I can completly relate to this mate! Everytime i try to explain to my parents how i feel i can't , my mind is blank and i can't think so they can't really understand what's wrong , and how could they... DP is the worst thing that can happen to anyone but hopefully with time we'll recover although I know it's hard we must push on and try to live as normally as possible because if you surender to it it will become much worse. PM me if you want to talk


----------



## cbeck

Reborn said:


> For the past month it seems like my mind has been deteriorating immensely. It's weird cause I just can't make sense of ANYTHING anymore. My mind is so shut off that I can't even put what I'm going through into words which sucks cause whenever I try to tell doctors and my parents that I can't think, they say "What do u mean?" and that's the problem, I don't even have the ability to describe it! It's like I know that there's something wrong, but it's not "clicking". Also, having no emotions makes me not care that I'm going through this shit. My memory is so shot that I don't even remember what it's like to feel alive or to be able to think clearly at all. I can't even check in and think "Is my DP better or worse than it was a week ago" cuz I really can;t remember. Sometimes things will occur to me like: "What? I used to be able to read books and drive a car?!". My mind is so fucked that all of these things, like not being able to concentrate or remember things seems so normal to me. I know that a month ago I could drive fine and remember things I did the day before but, every morning it's literally like I just woke up one day with way less brain power and thought "This is normal" almost like I have no insight. Even writing this feels like it's my first post on here or something, even though I know I've many dozens before. Fuck, I feel like I'm turning into a vegetable.

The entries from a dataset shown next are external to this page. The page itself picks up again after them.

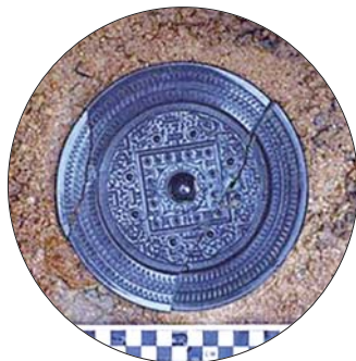
黄岛区土山屯墓群中出土的文物。(资料片)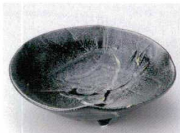
319-26-2A3 1,050円 1921236014 黒南蛮6.0平鉢(三ツ足) (18φ×5.8H)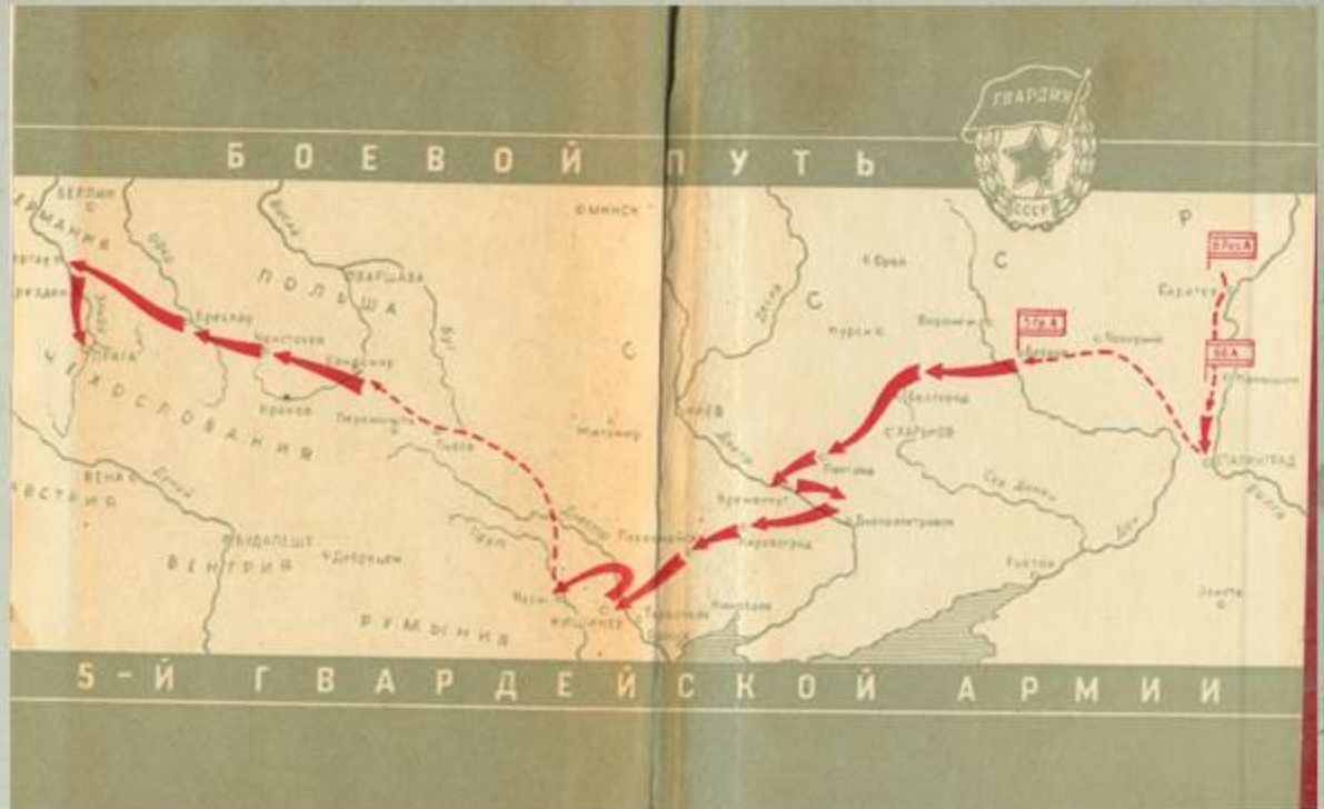
Фото 5. Боевой путь 5-й Гвардейской армии.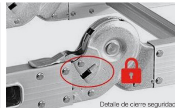
Detalle de cierre seguridad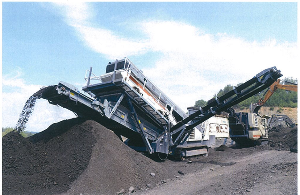
「導入事例」LT96+ST272の組み合わせによる、-40、+40 生産設備(能力300t/H)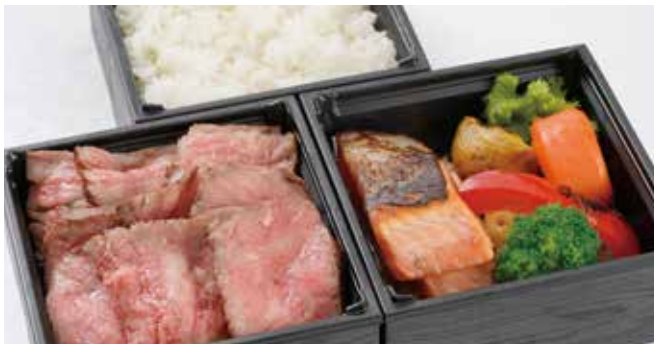
黒毛和牛ステーキと ORA キングサーモンロースト BOX ライス付き / 3,500円(税込)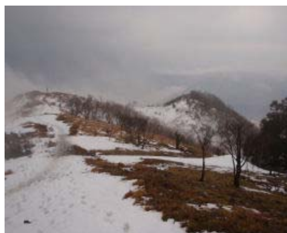
山頂より御殿山方面

今回の企画は武奈から釣瓶—ナガオ尾根—八淵であったのだが、時間切れで、武奈から八雲経由で下山となった。ナガオ尾根に期待していたので残念。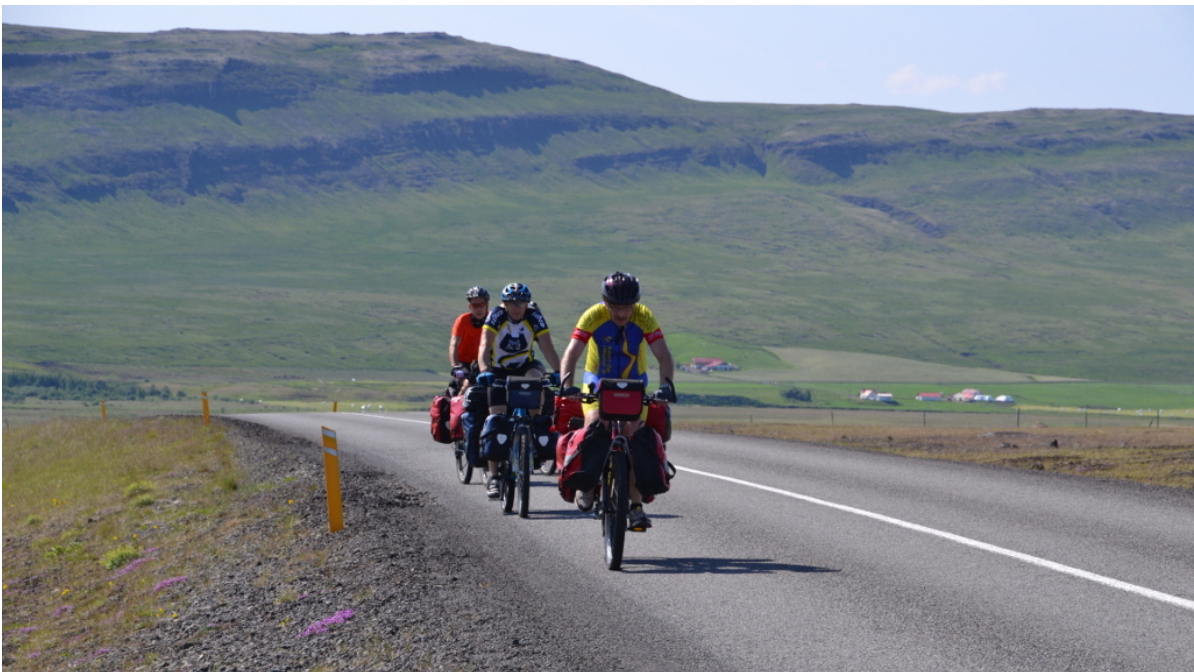
Zunächst geht es über Asphalt

Dienstag, der 23. Juli Die Sonne scheint, es ist angenehm warm. Tiefhängende Wolken in den Bergen lösen sich langsam auf. Bis 22 Grad geht das Thermometer im Laufe des Tages hoch. Vor der Abfahrt gegen 10 Uhr am Morgen habe ich noch schnell mein verschwitztes Rad-Trikot gewaschen. Beim Anziehen ist es natürlich noch nicht ganz trocken, daher kühlt es recht angenehm.

Jake, since you live in a Lyme Disease area wouldnt hurt to get a lyme test done through Igenex Labs. out of Palo Alto, CA. They will send you the kit and can be drawn at your local clinic. Western Blot.

Distinct Pattern of Cognitive Impairment Noted in Study of Lyme Patients

Marian Rissenberg PhD & Susan Chambers MD, The Lyme Times, Vol. 20, Jan-Mar 1998, pp. 29-32
I. Cognitive Characteristics of Chronic Lyme Encephalopathy

On the basis of both a formal neuropsychological study of 49 patients (APA 5/96) and on clinical observation and comprehensive neuropsychological examination of well over 100 patients, a distinct pattern of cognitive impairment occurring chronic Lyme disease can be described. These patients consistently demonstrate deficits in directed, sustained and divided attention, planning and organization of responses, temporal ordering, verbal fluency, abstract reasoning, speed of processing, and motor programming. The overall pattern of intellectual impairment is not unlike that seen with diffuse brain injury, and it most often results in some degree of work-related disability.

Although performance is impaired on measures of cognitive functions associated with specific brain regions -- receptive and expressive language, visuospatial problem solving and memory -- the quality of performance is not suggestive of focal lesions in these areas. Rather, deficits are secondary to impairment of higher level integrative functions, likely mediated by complex neuronal systems. Specifically, the receptive language deficit is secondary to impaired auditory tracking and slowing of mental processing. The expressive language deficit is secondary to impaired word retrieval and response planning, The visuospatial problem solving deficit is secondary to impairment of mental flexibility, conceptualization and the ability to compare and contrast necessary in decision making. Finally, deficits on test of memory function are most often secondary to impairment of the encoding or initial processing of information, which depends on attention, and the retrieval of stored information. The storage of new information, or memory per se, is rarely impaired.

This pattern suggests that cognitive dysfunction in chronic Lyme, while expressed variably across individual patients, results from a common factor -- the breakdown of diffusely represented processes involving both integration and activation, and impacting primarily on attention and reasoning. The fluctuation of impairment over short periods of time suggest that a physiologic rather than a structural mechanism is responsible.

II. Neuropsychological deficits in chronic Lyme disease
(A study presented at the annual meeting of The American Psychiatric Association , May 1996)

The neuro-psychological characteristics of 49 patients with Lyme disease were examined. The study set out to answer three questions:

1) Do all patients with subjectively perceived cognitive dysfunction have measurable intellectual impairment on objective testing?

2) In those without measurable impairment, does depression account for the perception of cognitive dysfunction?

3) What is the nature of the cognitive impairment in Lyme disease when it does occur?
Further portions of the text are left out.